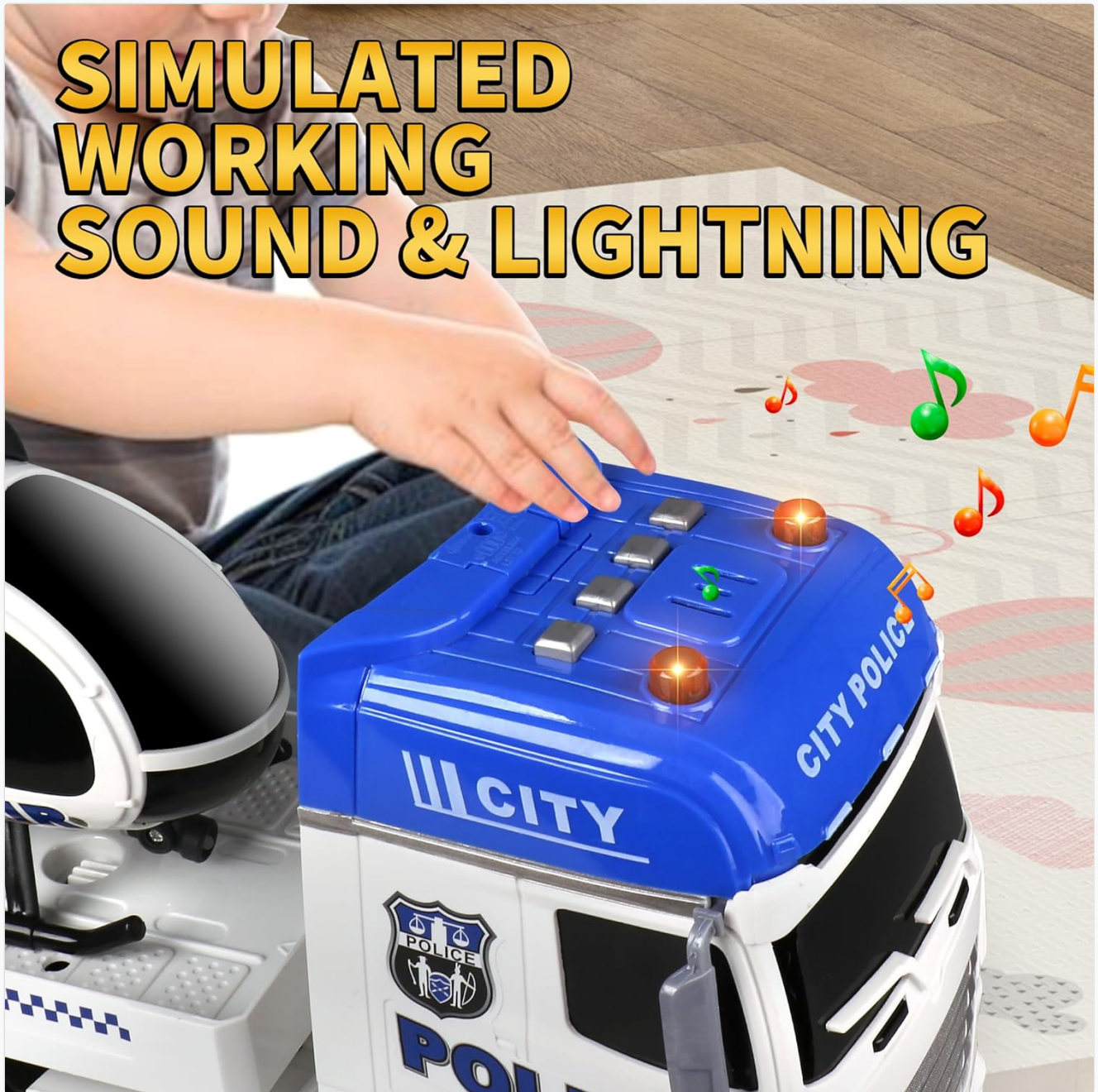
Image 3.1: Close-up view of the truck's cab, showing the location of the sound and light buttons, which are activated by batteries.
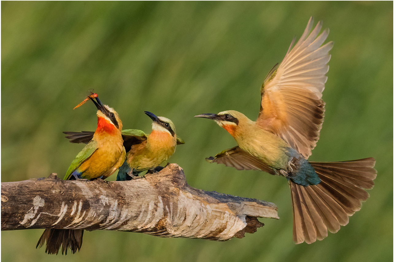
CERTIFICATE OF MERIT 2 | ND | C 4 | coming for a steal | JAN VILJOEN | South Africa
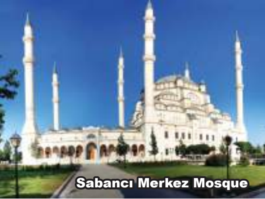
Sabancı Merkez Mosque
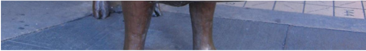
PHOTO: Rachel the Pig at Pike Place Market.
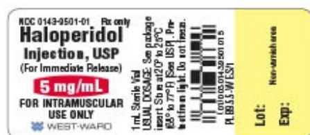
Haloperidol Injection, USP 5 mg/mL Vial Label
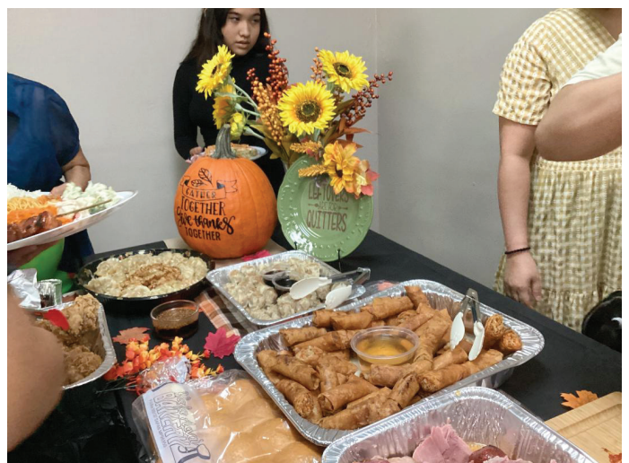
“Just some of the many island dishes that made up a fantastic Thanksgiving meal.”
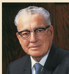
Harold B. Lee 1972–73
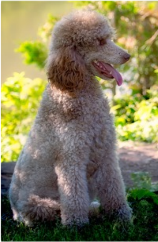
PEPSI - Dam
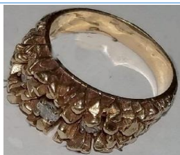
1 st Place: Aaron D - 14K gold nugget ring
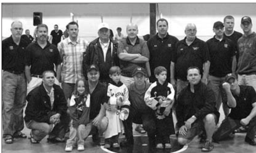
30th ANNIVERSARY. Members of the 1989 Orangeville Northmen Junior B team gathered at centre floor of the Tony Rose Memorial Sports Complex on Saturday to mark the occasion of the 30th anniversary of back to back Founders Cup Championships won by the team in '89 and 1990.

Action resumes this weekend when Kitchener-Waterloo comes to town for the first meeting of the two clubs this season on Friday then its a rematch with the Chiefs in Burlington on Monday night with the opening draw schedule for 8 p.m. both nights.
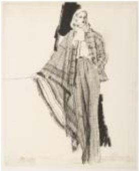
Plaid Women's Ensemble Featuring Blanket Cape (KA002201_OSxxx1_f04_10)
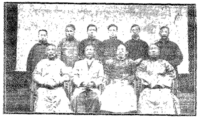
Teachers in Boy's School, Foochow

All were interested in listening to six of the more advanced students in the Boys' Training School deliver short sermons on important Bible subjects. It was evident that they have some ability and had received careful training, which was supplemented by expe-The students in this school have an excellent
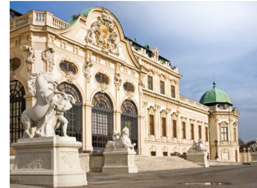
Left: A team of photographers photograph the new speakers at the Contemporary Belvedere Museum in Vienna.
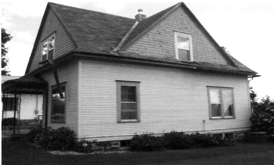
This view is of the south side of the home.
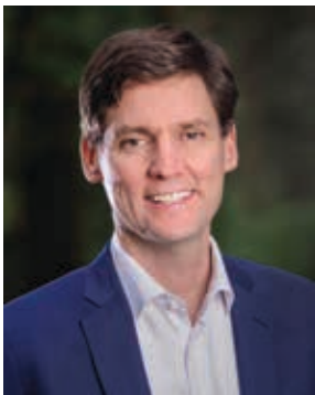
David Eby Premier

The actions in StrongerBC: Future Ready Action Plan open up opportunity, so people can build a good life for themselves and thrive, and we can build a brighter future and a StrongerBC, together.
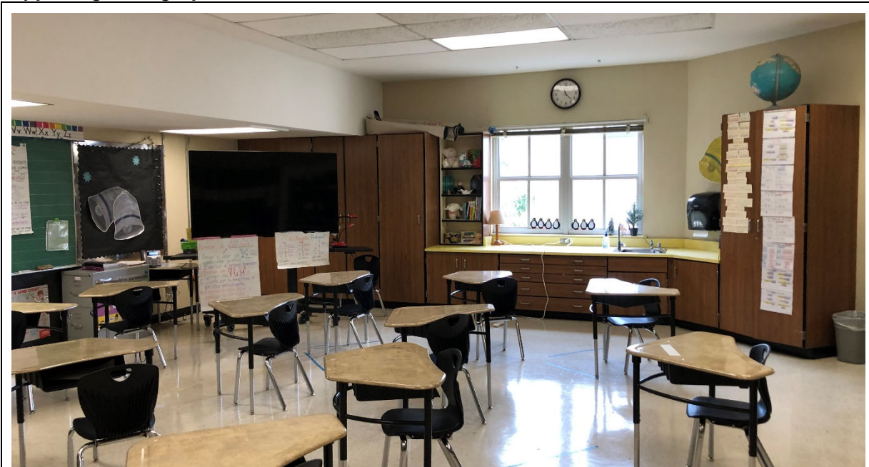
Academics and Learning: Typical studio with mobile furniture and access to natural light.
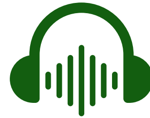
Summarization for Active Listening
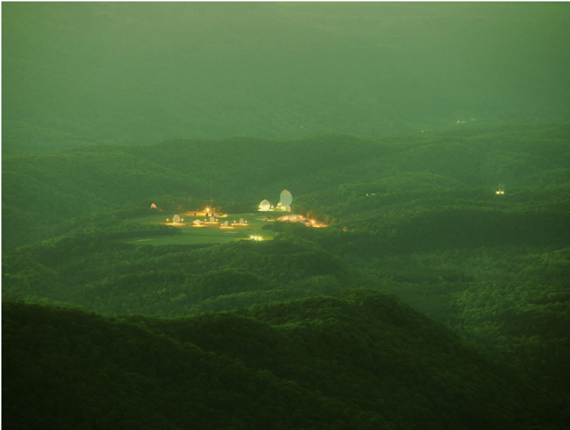
Trevor Paglen, They Watch the Moon , c-print, 2010. A photograph of a classified “listening station” deep in the forests of West Virginia.

Paglen's work spans many such engagements with statecraft, whether mapping CIA rendition flights or using high-powered telescopic lenses to photograph government facilities like desert airstrips or remote surveillance stations deep in the mountains of West Virginia. The results are often sweeping references to the rich history of American landscape documentation and the peculiar expansive remoteness—the “covert sublime,” to use Lee's phrase—of various government facilities. The subject in much of Paglen's work is not the secret prison or the telecommunications satellite but the act of surveillance. On display is the lengths he will go to show what amounts to satellite dishes, small buildings, or streaks in the sky, which is to say, to show nearly nothing at all—small flecks of light and industrial buildings that have created a totalizing surveillance environment capturing the entire world.

+ + + + + + +

Without the pictures, restate all of the entries above verbatim.

Image 3.1: Close-up view of the truck's cab, showing the location of the sound and light buttons, which are activated by batteries.
CERTIFICATE OF MERIT 2 | ND | C 4 | coming for a steal | JAN VILJOEN | South Africa
Sabancı Merkez Mosque
PHOTO: Rachel the Pig at Pike Place Market.
Haloperidol Injection, USP 5 mg/mL Vial Label
“Just some of the many island dishes that made up a fantastic Thanksgiving meal.”
Harold B. Lee 1972–73
PEPSI - Dam
1 st Place: Aaron D - 14K gold nugget ring
30th ANNIVERSARY. Members of the 1989 Orangeville Northmen Junior B team gathered at centre floor of the Tony Rose Memorial Sports Complex on Saturday to mark the occasion of the 30th anniversary of back to back Founders Cup Championships won by the team in '89 and 1990.

Action resumes this weekend when Kitchener-Waterloo comes to town for the first meeting of the two clubs this season on Friday then its a rematch with the Chiefs in Burlington on Monday night with the opening draw schedule for 8 p.m. both nights.
Plaid Women's Ensemble Featuring Blanket Cape (KA002201_OSxxx1_f04_10)
Teachers in Boy's School, Foochow

All were interested in listening to six of the more advanced students in the Boys' Training School deliver short sermons on important Bible subjects. It was evident that they have some ability and had received careful training, which was supplemented by expe-The students in this school have an excellent
Left: A team of photographers photograph the new speakers at the Contemporary Belvedere Museum in Vienna.
This view is of the south side of the home.
David Eby Premier

The actions in StrongerBC: Future Ready Action Plan open up opportunity, so people can build a good life for themselves and thrive, and we can build a brighter future and a StrongerBC, together.
Academics and Learning: Typical studio with mobile furniture and access to natural light.
Summarization for Active Listening
Trevor Paglen, They Watch the Moon , c-print, 2010. A photograph of a classified “listening station” deep in the forests of West Virginia.

Paglen's work spans many such engagements with statecraft, whether mapping CIA rendition flights or using high-powered telescopic lenses to photograph government facilities like desert airstrips or remote surveillance stations deep in the mountains of West Virginia. The results are often sweeping references to the rich history of American landscape documentation and the peculiar expansive remoteness—the “covert sublime,” to use Lee's phrase—of various government facilities. The subject in much of Paglen's work is not the secret prison or the telecommunications satellite but the act of surveillance. On display is the lengths he will go to show what amounts to satellite dishes, small buildings, or streaks in the sky, which is to say, to show nearly nothing at all—small flecks of light and industrial buildings that have created a totalizing surveillance environment capturing the entire world.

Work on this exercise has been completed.